WORK REQUIRED:
Nothing but the lines from the one with "(뉴스인020 = 김성길" through the final line of the entries should appear in the answer, copied exactly and without pictures.

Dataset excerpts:
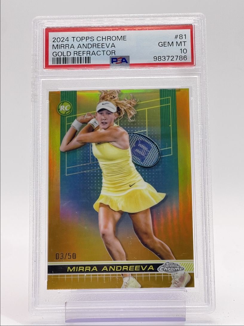 MIRRA ANDREEVA 2024 TOPPS CHROME ROOKIE GOLD REFRACTOR RC /50 PSA 10 Q1816
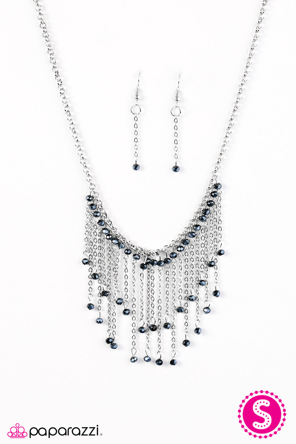 A row of sparkling midnight blue beads give way to trestles of freefalling silver chains. Featuring varied lengths, the sparkling fringe flawlessly falls into a beautifully tapered palette as additional beads twinkle at the ends. Features an adjustable clasp closure.
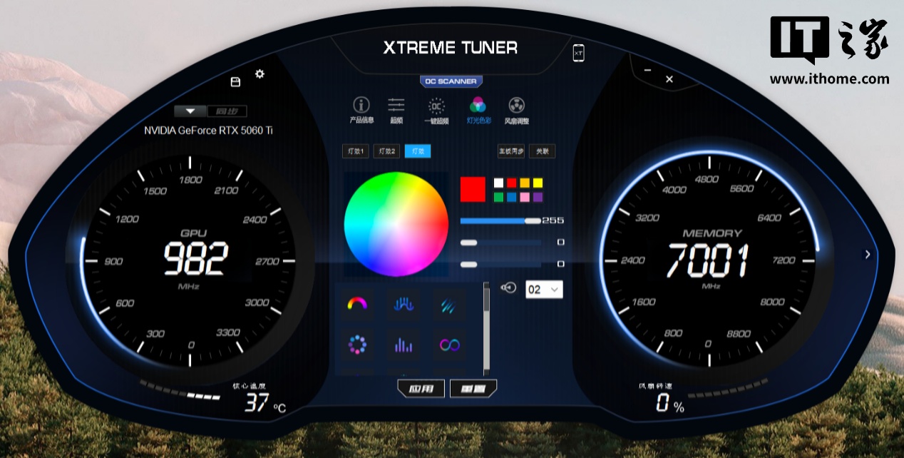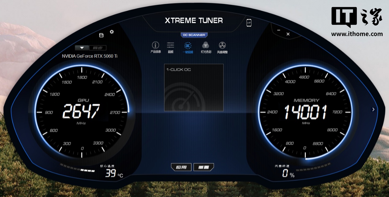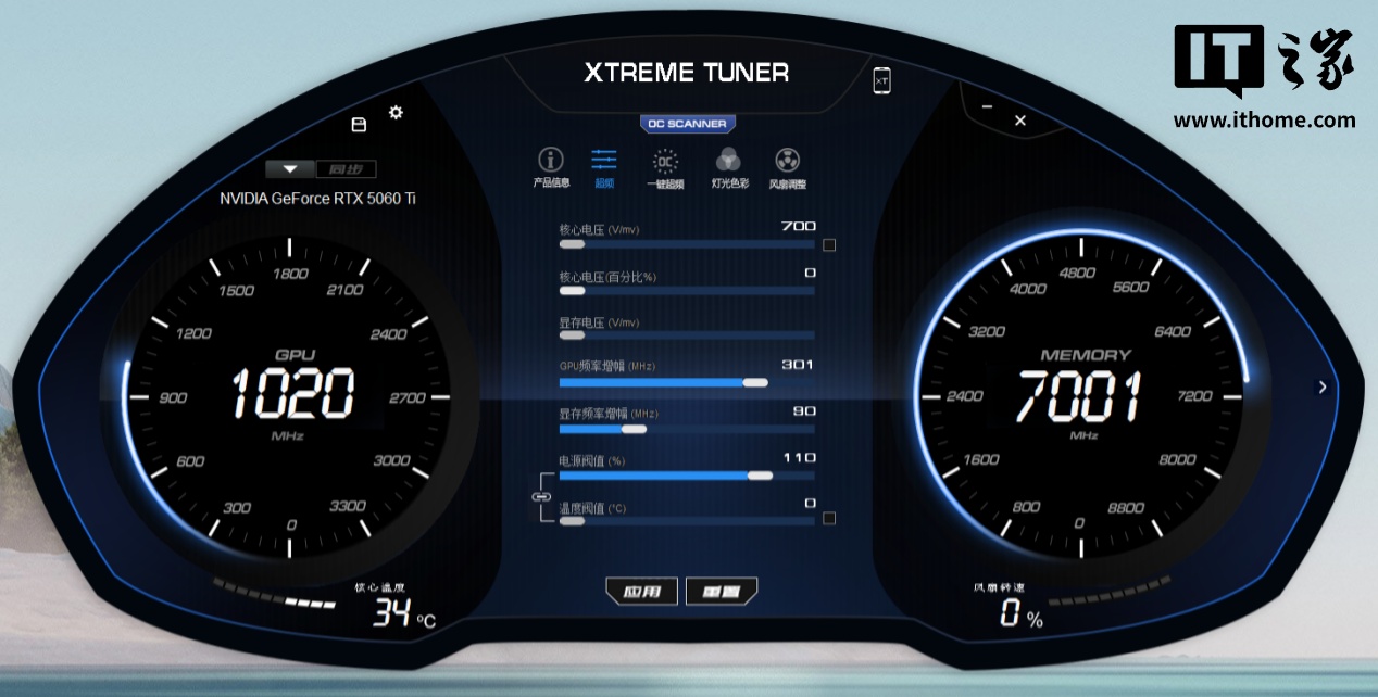 它的界面采用经典仪表盘风格设计,蓝黑配色,用过其它超频工具的小伙伴应该对这套交互不陌生。仪表盘左右两侧的刻度表分别显示当前 GPU 的实时核心频率和显存频率,下方还有核心温度和显卡风扇转速信息。
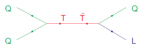 Anyway, then the right hand side vertex would have \overline{T} going in, so then the leading decay mode in this situation (p \rightarrow K^{+} \overline{\nu}) would invove the Q on the right hand side being an \overline{s} with charge of +1/3 (with the spectator u quark (which isn't shown) combining with the \overline{s} to produce the K^{+}), and the antilepton L being neutral, ie. \overline{\nu}.
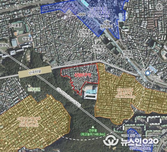 (뉴스인020 = 김성길 기자) 신림6구역 주택공급이 본격화되며, 인접한 신림5구역과 함께 삼성산 자락 노후 주거지를 재편하는 약 5천 세대 내외 규모의 신흥 주거지 조성이 가시화된다.
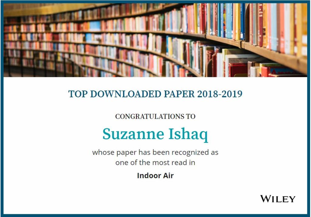 A collaborative review article that I was last author on was listed in the top 10% most downloaded papers of 208/2019 in the journal Indoor Air! Even more impressive, this review was published August 20, 2019, and it was still in the top 10% spanning from January 2019 – December 2019!!

COMPLETED TASK:
 (뉴스인020 = 김성길 기자) 신림6구역 주택공급이 본격화되며, 인접한 신림5구역과 함께 삼성산 자락 노후 주거지를 재편하는 약 5천 세대 내외 규모의 신흥 주거지 조성이 가시화된다.
 A collaborative review article that I was last author on was listed in the top 10% most downloaded papers of 208/2019 in the journal Indoor Air! Even more impressive, this review was published August 20, 2019, and it was still in the top 10% spanning from January 2019 – December 2019!!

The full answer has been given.